具有圖形排列吸附原子石墨烯結構的量子自旋霍爾效應

Abstract

量子自旋霍爾效應最先被Kane和Mele預測在石墨烯結構中可以觀測到，然而由於碳原子產生的自旋軌道耦合效應相當微小，以至於無法得到可被實驗觀測的能帶間隙。我們研究覆蓋在石墨烯上的晶格狀排列吸附原子所產生的自旋軌道效應，更明確地說，我們研究邊緣態、其物理上的本質與邊緣態受電壓調控的能力。這樣的圖形排列吸附原子石墨烯結構成功地在Γ點上打開可被觀測的能帶間隙，且沿著扶手椅型石墨烯的邊上可發現邊緣態。這些邊緣態是屬於量子自旋霍爾效應的量子態，它們的自旋方向與群速度方向有著對掌性(chiral)的關係。這些邊緣態空間分布剖面圖容易受晶格狀排列吸附原子對稱或不對稱分布的影響。對稱分布的圖形排列吸附原子石墨烯結構，其邊緣態是「等比重混合類型(equal-weighting type)」，若是不對稱分布，其邊緣態則是「自旋極化類型(spin-polarized type)」，而所謂「等比種混合類型」邊緣態是指位在不同側邊界且帶有不同自旋方向的兩個類邊緣態(edge-state-like)波函數以等比重疊加。最值得關注的是我們證明可藉由電控方式(邊界電壓)來轉換邊緣態的混合類型。這些結果使我們能夠提出邊界轉換元件(edge-switching device)來轉換入射的自旋電子束(spin injection beam)。

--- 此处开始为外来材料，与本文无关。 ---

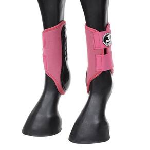 Proteção tipo caneleira para cavalo produzida em neoprene com reforço lateral em plástico reforçado, possui costuras nas bordas e 2 tira autocolantes reforçados para fechamento e regulagem permitindo ser utilizada em praticamente todos os portes de animais. Proteção indicada para as pernas dianteiras dos equinos.
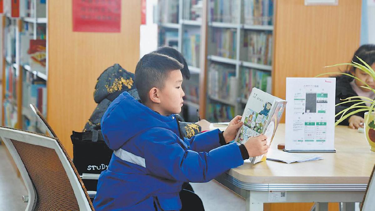 孩子们在定边县图书馆内看书。 康孝桃 摄
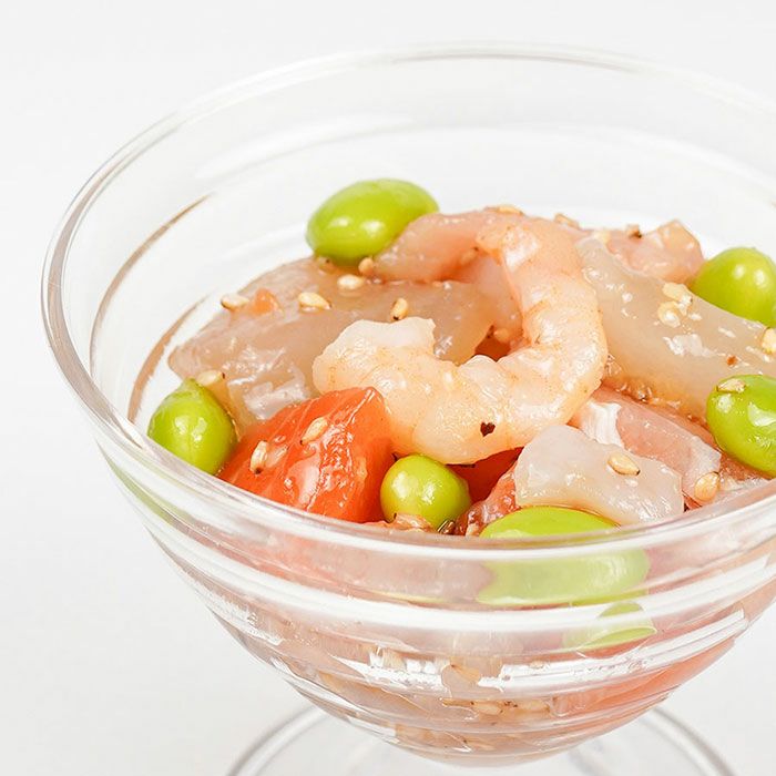 他の画像を見る お刺身カクテル詰め合わせ 大人オシャレ感覚を満喫 スプーンで楽しむ「新感覚」お刺身 お刺身カクテル詰め合わせ 販売価格 ¥ 4,480 税込 いろんな海鮮食材のお刺身を「うま塩ガーリックオイル」と「昆布ジュレ」でまとめました。エビのプリプリだったり、ツブ貝のコリコリだったりイカのモチモチだったり色々な食感が同時にやってきてお口の中が楽しくなります。とろける昆布〆は4種類の軽く締めたお刺身に日高産根昆布から作った「昆布ジュレ」をたっぷりかけました。とろっとろの「昆布ジュレ」と昆布締め刺身のハーモニーをお楽しみください。 詳細を見る お気に入りに登録する
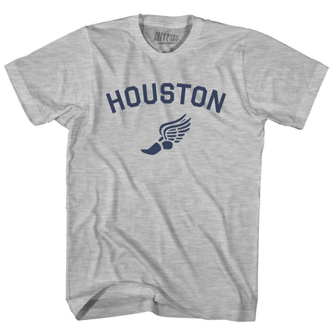 Product Story: Houston Running Track Winged Foot Adult Cotton T-shirtProduct Description: Houston Running Track Winged Foot Adult Cotton T-shirt Cotton Buttery Smooth Soft Material Medium Weight Tee Soft Hand Print
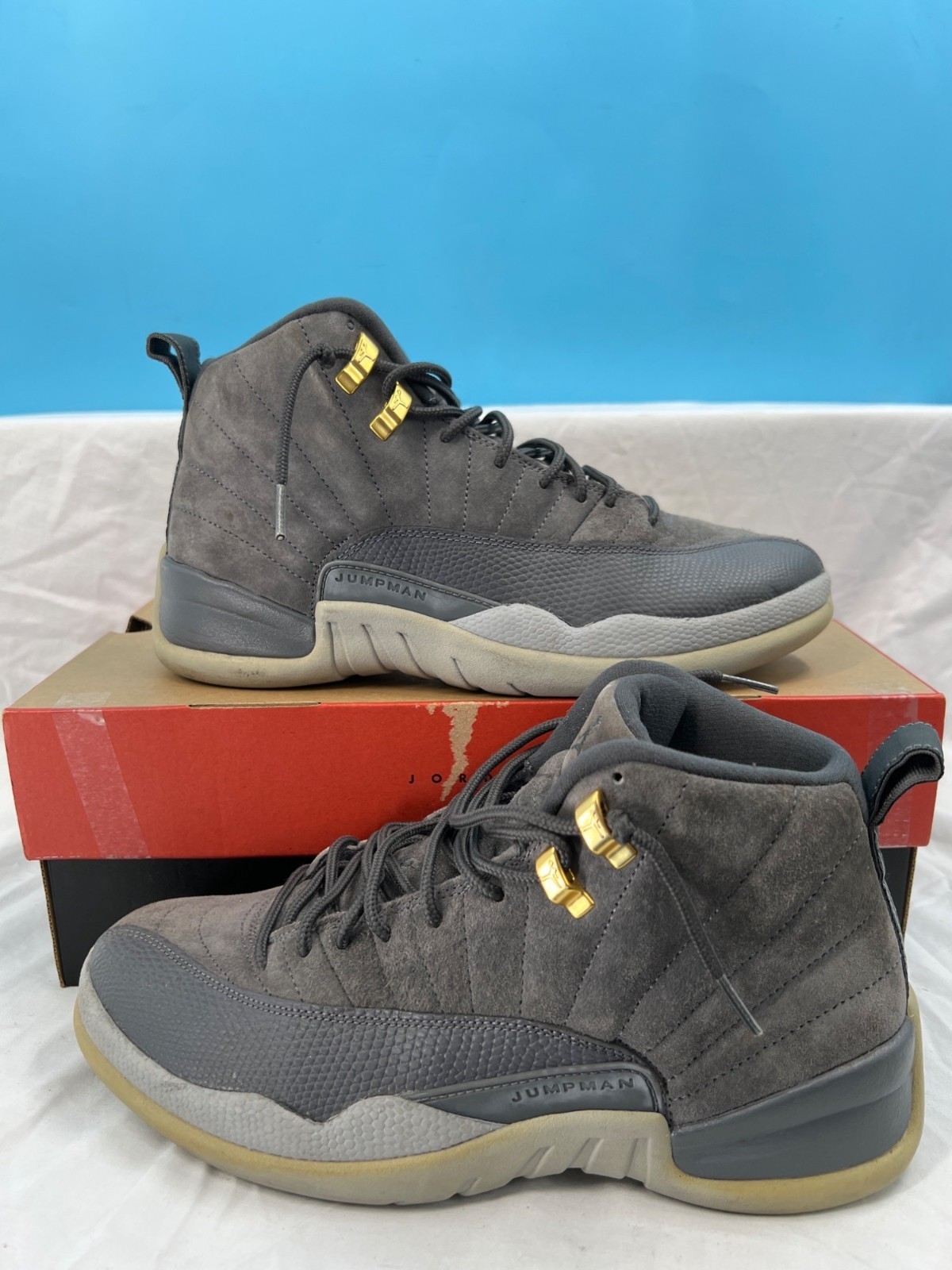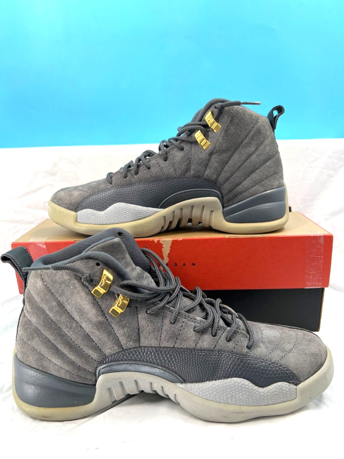 2017 AIR JORDAN 12 Retro Dark Grey Sneakers in box Men's Size 9 (Some Wear)
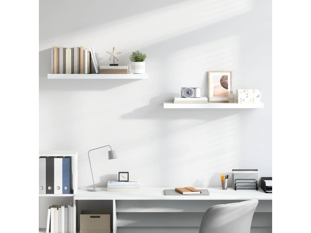 Plovoucí nástěnné police 2 ks lesklé bílé 90x23,5x3,8 cm MDF 323755
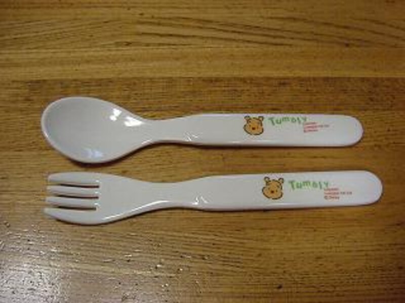 柄が長いものは、ママが食べさせやすいかも。赤ちゃんも持ちたがる場合は、もう1セット用意。(スプーン&フォークで100円です)
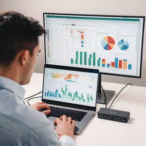- Single-Cable Connection simplifies the workspace with one cable to connect multiple devices.

The quantum spin Hall state was first predicted in graphene by Kane and Mele, although the gap is unobservably small due to carbon’s weak spin-orbit coupling. We investigate the spin-orbit effects due to an adatom lattice on a graphene sheet. More specifically, we study the edge states, and their physical nature, and the electric gate-tunning capabilities of these edge states. Such an adatom-patterned graphene sheet has a gap opening at the Γ point. Cutting into the form of a ribbon along the armchair edge, edge states are obtained. These states are of the quantum spin-Hall-type, namely that they are chiral with a definite relation between their spin and group velocity directions. The spatial profile of these edge-states are shown to be sensitive to the symmetric or asymmetric positioning of the adatom lattice on the armchair graphene nanoribbon (AGNR). The edge-states are of either an equal-weighting type or a spin-polarized type for, respectively, the symmetric and asymmetric adatom-patterned AGNRs. The equal-weighting type edge-states are equal-weight superposition of two edge-state-like wave functions localized at opposite AGNR edges and with opposite spin directions. Most interestingly, we have demonstrated switching of the edge-states from one type to another type by electrical means: via an edge-potential. This allows us to propose a edge-switching device for a given spin injection beam.